## [What the task requires]
Copy the first line of the entries below and every line after it through the line containing "뉴한국방송뉴스통신사 신유철기자 기자". Do not include pictures.

## [Stored items from a collection]
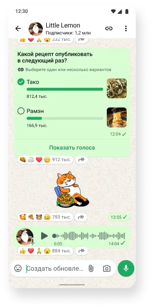Делитесь с аудиторией скачиваемыми пользовательскими стикерами, рассказывайте новости в голосовых сообщениях, узнавайте мнения подписчиков в опросах и не только.
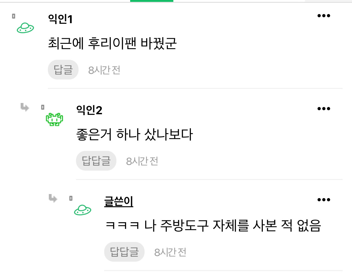 작성자구가지니 작성시간 26.01.26 아ㅋㅋㅋㅋ개웃김ㅋㅋㅋㅋ집초대했는데 후라이팬부터 찾으면 개웃기겠다
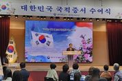 뉴한국방송뉴스통신사 신유철기자 기자 | 법무부 양주출입국·외국인사무소는 2025. 9. 25. 관내‘경기섬유지원센터 컨벤션홀’에서 양주시 등 경기 북부지역에 거주하고 있는 귀화자 및 국적회복자 57명을 대상으로 국적증서 수여식을 개최했다. 2018. 12. 20. 국적법 개정에 따라 법무부장관 앞에서 하던 국민선서와 국적증서 수여는 귀화자 및 국적회복자 거주 지역별 출입국·외국인관서에서 시행하고 있다 이번 국적증서 수여식은 대한민국 국민이 되어 첫 번째로 맞이하게 될 ‘추석’ 민속명절의 의미를 되새기고, 한국 사회에서 소속감과 자긍심을 가지고 살아갈 수 있도록 격려하고 축하하는 뜻깊은 장이 됐다. 이날 행사는 △대통령 축하영상 시청, △귀화자 등 국민선서 및 국적증서 수여, △기관장 축사, △ 국적취득 대표자의 소감 발표 순으로 진행됐다 김용규 소장은 축사를 통해 쉽지 않은 과정을 거쳐 대한민국 국민으로서 사회 구성원이 된 국적 취득자에게 권리뿐만 아니라 책임과 의무의 막중함을 강조하면서 다양한 문화적 배경과 경험을 바탕으로 서로 간에 이해와 화합을 증진하는데 노력해 주기를 당부했다 또
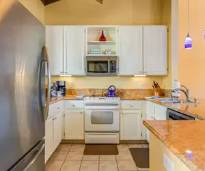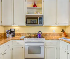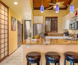 A super-spacious kitchen is equipped with a new fridge, a microwave, and a quiet dishwasher. Your breakfast can be served at the sprawling granite breakfast counter or on the lanai with a serene morning view.
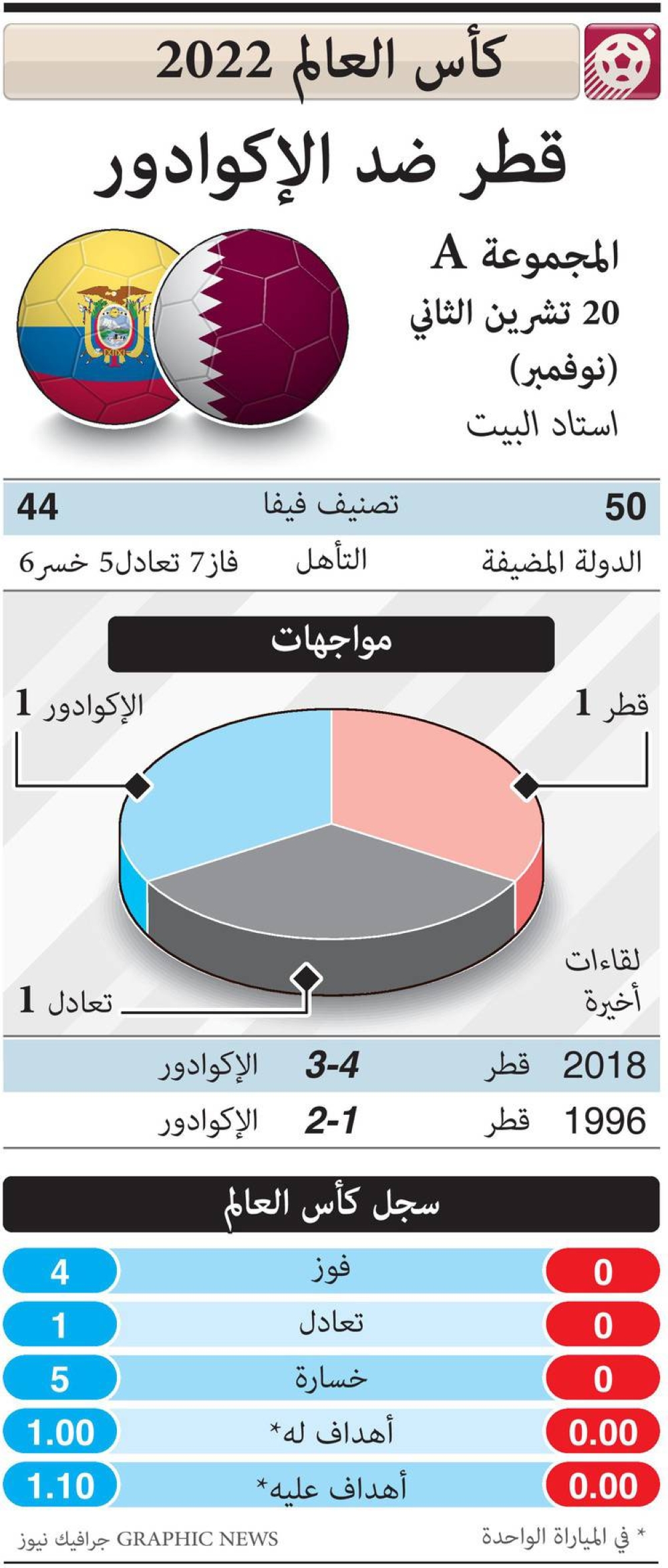 وهذه ستكون المرة الأولى التي تكون فيها الدولة المضيفة مشاركة للمرة الأولى في المونديال منذ إيطاليا عام 1934، وتوج حينها «الآزوري» باللقب. في المقابل، يسعى «الأدعم» إلى تجنّب سيناريو جنوب إفريقيا، الدولة المضيفة الوحيدة التي ودعت من دور المجموعات. وبين هذه وتلك، يحلم القطريون باعتدال، لعلمهم أن المجموعة ليست سهلة. فإلى جانب الإكوادور التي سبق أن فازوا عليها وديا عام 2018 (4-3)، يتواجد المنتخبان الهولندي والسنغالي.

## [Task response]
Делитесь с аудиторией скачиваемыми пользовательскими стикерами, рассказывайте новости в голосовых сообщениях, узнавайте мнения подписчиков в опросах и не только.
 작성자구가지니 작성시간 26.01.26 아ㅋㅋㅋㅋ개웃김ㅋㅋㅋㅋ집초대했는데 후라이팬부터 찾으면 개웃기겠다
 뉴한국방송뉴스통신사 신유철기자 기자 | 법무부 양주출입국·외국인사무소는 2025. 9. 25. 관내‘경기섬유지원센터 컨벤션홀’에서 양주시 등 경기 북부지역에 거주하고 있는 귀화자 및 국적회복자 57명을 대상으로 국적증서 수여식을 개최했다. 2018. 12. 20. 국적법 개정에 따라 법무부장관 앞에서 하던 국민선서와 국적증서 수여는 귀화자 및 국적회복자 거주 지역별 출입국·외국인관서에서 시행하고 있다 이번 국적증서 수여식은 대한민국 국민이 되어 첫 번째로 맞이하게 될 ‘추석’ 민속명절의 의미를 되새기고, 한국 사회에서 소속감과 자긍심을 가지고 살아갈 수 있도록 격려하고 축하하는 뜻깊은 장이 됐다. 이날 행사는 △대통령 축하영상 시청, △귀화자 등 국민선서 및 국적증서 수여, △기관장 축사, △ 국적취득 대표자의 소감 발표 순으로 진행됐다 김용규 소장은 축사를 통해 쉽지 않은 과정을 거쳐 대한민국 국민으로서 사회 구성원이 된 국적 취득자에게 권리뿐만 아니라 책임과 의무의 막중함을 강조하면서 다양한 문화적 배경과 경험을 바탕으로 서로 간에 이해와 화합을 증진하는데 노력해 주기를 당부했다 또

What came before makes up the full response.